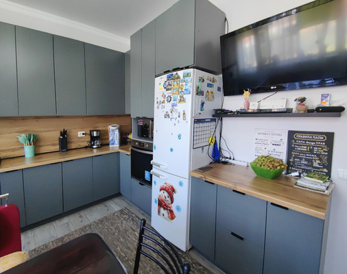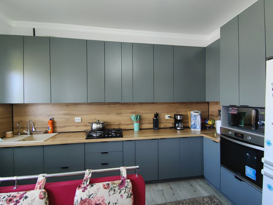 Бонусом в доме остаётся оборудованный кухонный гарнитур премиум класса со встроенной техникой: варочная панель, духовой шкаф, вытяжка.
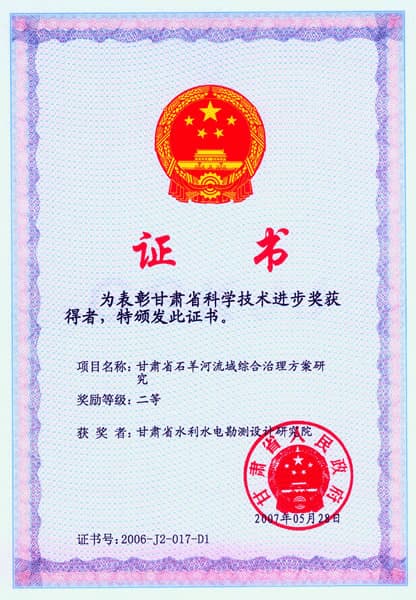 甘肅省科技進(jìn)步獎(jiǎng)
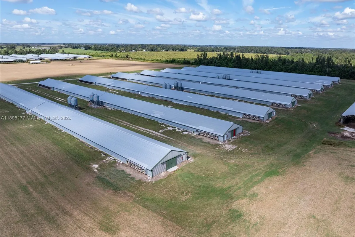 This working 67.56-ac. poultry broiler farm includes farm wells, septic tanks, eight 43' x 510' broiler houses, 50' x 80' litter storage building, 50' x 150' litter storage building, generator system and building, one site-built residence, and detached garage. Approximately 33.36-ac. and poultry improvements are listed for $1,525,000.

* * *

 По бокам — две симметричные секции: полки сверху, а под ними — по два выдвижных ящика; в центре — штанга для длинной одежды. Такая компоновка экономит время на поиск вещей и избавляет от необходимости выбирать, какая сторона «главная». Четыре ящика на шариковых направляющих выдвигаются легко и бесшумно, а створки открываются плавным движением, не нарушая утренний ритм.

---

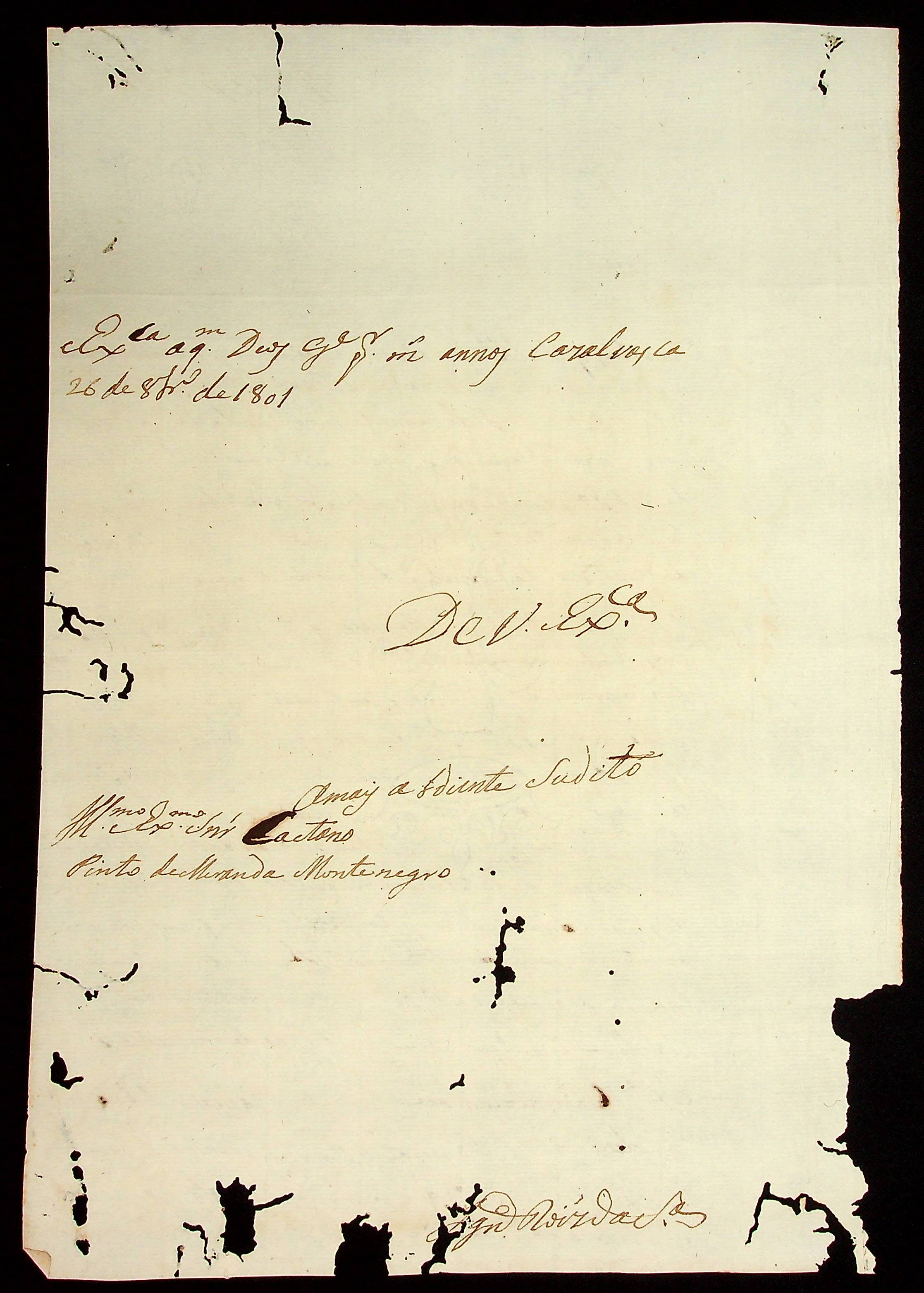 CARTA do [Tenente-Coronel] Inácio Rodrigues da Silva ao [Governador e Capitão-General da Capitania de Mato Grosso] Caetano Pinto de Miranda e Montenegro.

**What is required:** What is wanted is an exact copy of the lines above from the one containing "Бонусом в доме" through the one containing "This working 67.56-ac.", with no pictures in it.

**The completed task:**
 Бонусом в доме остаётся оборудованный кухонный гарнитур премиум класса со встроенной техникой: варочная панель, духовой шкаф, вытяжка.
 甘肅省科技進(jìn)步獎(jiǎng)
 This working 67.56-ac. poultry broiler farm includes farm wells, septic tanks, eight 43' x 510' broiler houses, 50' x 80' litter storage building, 50' x 150' litter storage building, generator system and building, one site-built residence, and detached garage. Approximately 33.36-ac. and poultry improvements are listed for $1,525,000.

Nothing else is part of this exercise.